Of course you can also enter your own addresses to navigate to, or navigate to the address for one of your contacts. The turn by turn spoken directions are handy, but street names aren’t spoken. The male voice just speaks the direction to turn, not the road name.
I found the GPS to work really well, but since it can be difficult to see the display in sunlight, it can be hard to see the GPS info on the screen.
Some of the other included applications are an Adobe PDF viewer, unit converter, Zip compressor, Quickoffice and a notes app.
The Adobe Reader application doesn’t work very well on the N85. One of the more obvious reasons is that this phone has a small display, so you have to scroll around a lot to see all the document. But the other reason is that it just doesn’t work worth a hooey. I tried several simple PDFs and you can see the results in these screen shots… Notice the large blocky Black sections?

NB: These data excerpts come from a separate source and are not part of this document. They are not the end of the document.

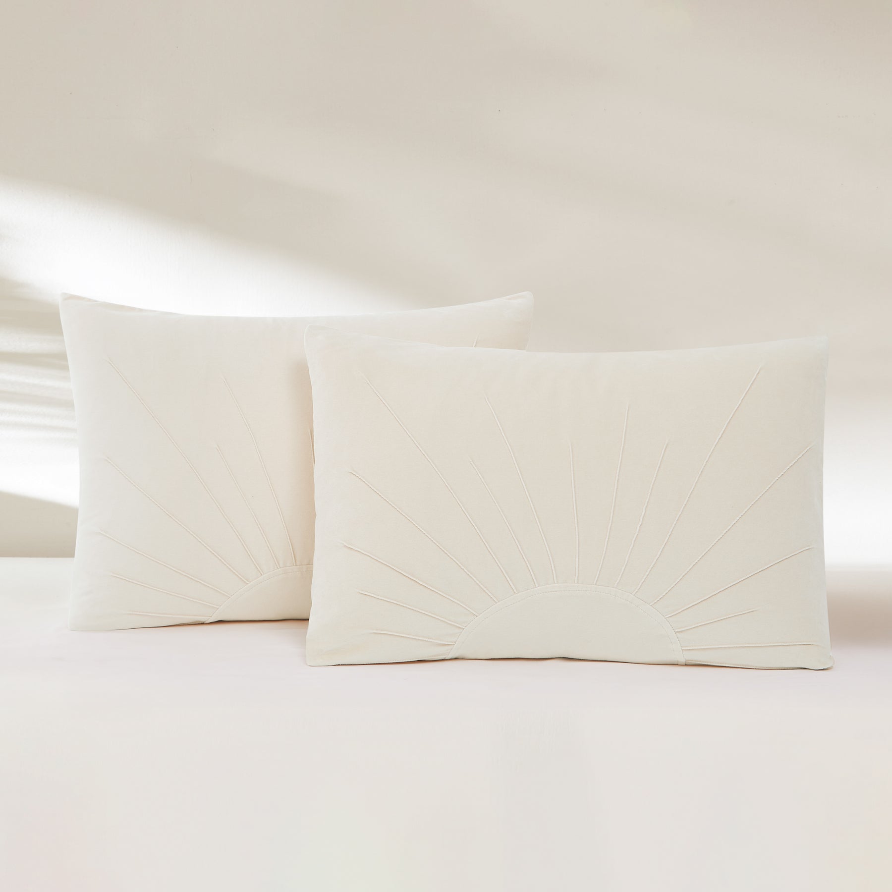 The Solar Drift Velvet Comforter Set brings a sense of radiance and renewal to your bedroom. Inspired by the rising sun, crisp pintuck pleats extend outward in graceful arcs, adding dimension and movement to the luxuriously soft, textured velvet surface. Balanced with a smooth cotton backing for comfort, this design feels as inviting at night as it does when you wake to greet the day. The medium-weight fill ensures cozy warmth in every season, making it a timeless layer of modern style and comfort.
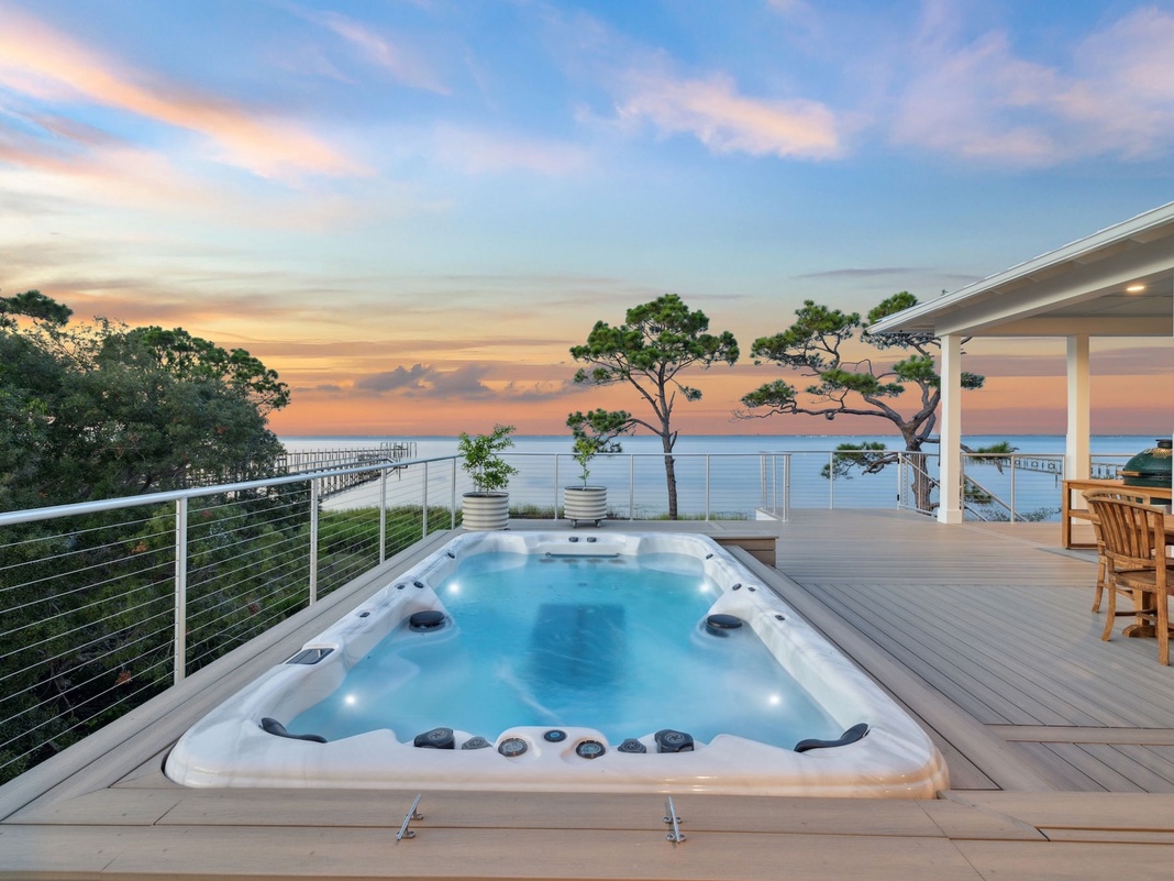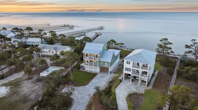 DETAILS: Discover King's Bay, a luxurious North Cape San Blas bayfront home nestled along the serene Forgotten Coast—only steps from the beach! With 2,930 square feet of pet-friendly living space, this 5-bedroom, 6.5-bathroom retreat comfortably sleeps 12. Enjoy stunning Gulf views, a private swim spa, and access to the community pool, dock, and beach. It's the perfect destination for coastal adventure!
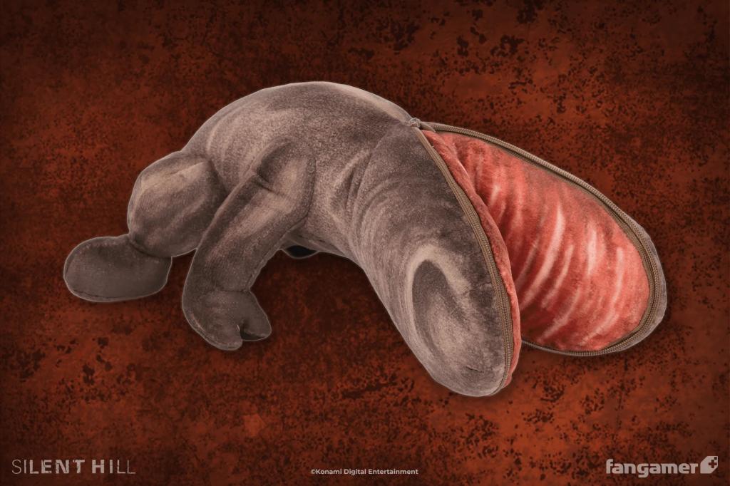Who's afraid of a plush reptile? This official SILENT HILL plush was designed by Eyes5. It's about 10 inches long. The Split Head plush's mouth zips shut, making it a useful hiding spot for journal entries, fairy tales, scraps of paper, and other environmental-storytelling elements.
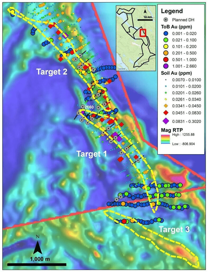 - Target 1: A 2.2 km-long Au-As-Cu-Zn-Mo surface till anomaly coincident with strongly elevated ToB results (up to 2.66 ppm Au). The anomaly is located along a geophysical trend interpreted as a sheared contact between two lithological units. Target 1 will be initially tested with up to 3,600 m of diamond drilling in 16 holes
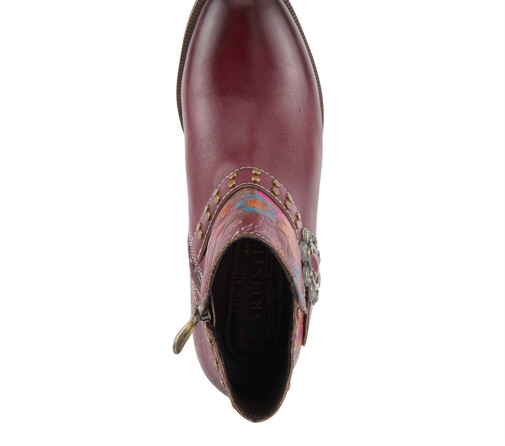Step into style with the Women's L'Artiste Dainty Lady Floral Prairie Boot by Spring Step Shoes, a perfect blend of elegance and western flair. Crafted from luxurious leather, these Bordeaux Multi boots feature hand-painted floral embossing and a studded belt with antique brass embellishments. They boast a mid-height western heel at 2 1/4 inches, with a 6-inch shaft and a 10 1/2-inch circumference, providing both height and stability. Easily slip into these boots with their convenient zipper closure, and enjoy their true-to-size fit while embracing your inner cowgirl.
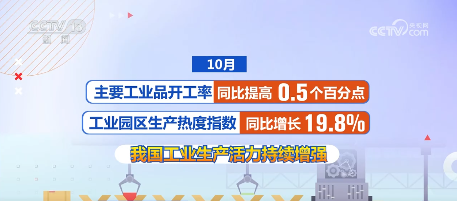 央视新闻:10月份最新经济数据即将发布。我国的经济表现如何?从国家信息中心公布的消费、工业、外贸等方面先行指标可以看出,经济延续了稳定发展的良好态势,经济长期基础更加稳固。 10月,消费市场保持平稳向好势头,形成“沉浸式市场持续拓展”和“文化体验旅游消费引领”双轮驱动的新格局。线下消费10月份消费热度指数同比增长17.3%。国家信息中心最新数据显示,10月份,线下消费增长良好,尤其是三线及以下城市。线下消费热度指数同比增长17.3%,其中一线、二线城市同比增长18.9%和14.5%,三线及以下城市同比增长31.2%。国家发改委宏观经济研究院研究员 张林山:当前,消费市场结构性亮点明显,增长动力从传统市场向大盘探底延伸。这背后是数字经济的人口规模和“青春回归”带来的消费新理念,共同驱动县域市场品质升级。 “双节”叠加下文化旅游消费表现我们的主义尤其值得注意。八天国庆中秋假期,全国出游人数8.88亿人次,国内旅游总支出8090.06亿元,均明显高于去年国庆假期。受此拉动,10月份全国跨城市迁移规模指数同比增长22.4%,增幅比上月扩大14.9个百分点。消费和服务业已成为拉动内需的重要引擎。国家信息中心大数据发展部综合部副主任司星玉官:消费市场正在形成“不断拓展下沉市场”和“引领文旅消费体验”双轮驱动的新格局。这一深层次结构为经济复苏注入了坚实的新动能。随着各项促进消费政策的出台继续准确落实,我国消费市场将不断建立,实现提质增效,消费对经济增长的拉动作用增强。基础设施建设的明显热度是中部地区最为活跃。看完消费,我们去热门项目现场查看一下。 10月份,基础设施建设开工率、工作量环比增长。其中,中部地区开工率环比增幅最高,在全国发展格局中的“脊梁”作用不断强化。数据显示,10月份,全国工程机械平均开工率环比增长1.4%,工作量环比增长5.25%。全国22个省份工作量环比增加。专家表示,随着全国各地天气逐渐转凉十月份以后气温转冷,随着国庆、中秋假期的影响,施工条件面临诸多不利因素。即便如此,运行率和工作量仍然达到了环境的水平。双增体现出10月份全国基建投资在季节性、节假日干扰下有效反弹,体现了经济的强劲稳定性。从设备来看,最繁忙的项目是起重设备,开工率为70.74%,这说明大量基建项目已进入集中竣工阶段,中部地区开工率环比增幅最高。挖掘设备也在提速,各主要设备类型开工率排名环比上升。张林山表示,作为“基础设施建设的先行者”,挖掘机开工率,特别是中部地区表现突出,明确表明新项目的密集建设。 “结束”与“开始”的热接力充分印证了我国基建活动的持续活跃性和经济发展的内在稳定性。生产呈现强劲强度,经济继续稳中向好发展。最后我们来到工业园区和保税区。 10月份,工业生产活力持续回升,外贸先行指标加速回升,我国经济继续平稳发展。国家信息中心最新数据显示,10月份主要工业产品开工率同比增长0.5个百分点,工业园区热度指数同比增长19.8%。我国工业生产规模将继续增长。工资反映工业企业用工情况的指数同比增长8.1%,企业用工需求持续增长。初创企业经营活力指数同比增长25.7%,创新技术经营活力指数同比增长24.4%。初创企业和创新企业发展势头强劲,活力加速释放。国家发改委市场与价格研究所研究员 刘芳:当前,稳就业、稳经济的政策措施不断落实,一定程度上带动了装备制造业、高技术制造业等行业的发展速度。同时,各地各部门因地制宜加快培育发展新生产力,激发工业经济活力被完全释放出来。此外,作为反映外贸活力的先行指标,10月份保税区游客流指数同比增长17.7%,增速比9月份提高7.0个百分点。 23个省份增速同比提高,比9月份增加11个。由于近期中美经贸关系呈现下滑趋势,预计未来外贸仍将保持较高的韧性。邢玉观表示,总体来看,10月份我国经济继续稳中向好发展。国家经济政策效应将持续显现,内生动力不断增强,经济长期增长的基础更加稳固,为后续发展奠定良好基础。

That’s not in the PDF file…
When I was able to get a PDF to load correctly, the resulting image quality was jaggy. Not good.
The unit converter isn’t anything super special, but little apps like this always come in handy from time to time.
The QuickOffice suite will allow you to load Excel, Word and Powerpoint files for viewing on the N85. If you want edit or create capability, you have to pay for a license…
I didn’t have any issues with viewing Excel or Word files, but I didn’t have much luck with powerpoint files… Again, a phone with a screen of this size, really does not lend itself well to working with documents.
As usual, a week of using one phone ends with me ready to try something new. I’m just never happy… what’s up with that? 😉 The Nokia N85 does have a lot going for it. I really like the size. It’s almost perfect in that respect. The 5MP camera which takes very nice macro shots is a real plus too. I can’t fault the GPS or Wifi either for that matter. But when all is said and done, it comes down to the lack of a real keyboard. That tends to be a real deal breaker for me. If I didn’t text as much as I do, the keyboard probably would not matter to me, but I do, so it does. So there you go… Even though the Nokia N85 isn’t going to work out for me personally, I still highly recommend it as a great little full featured phone.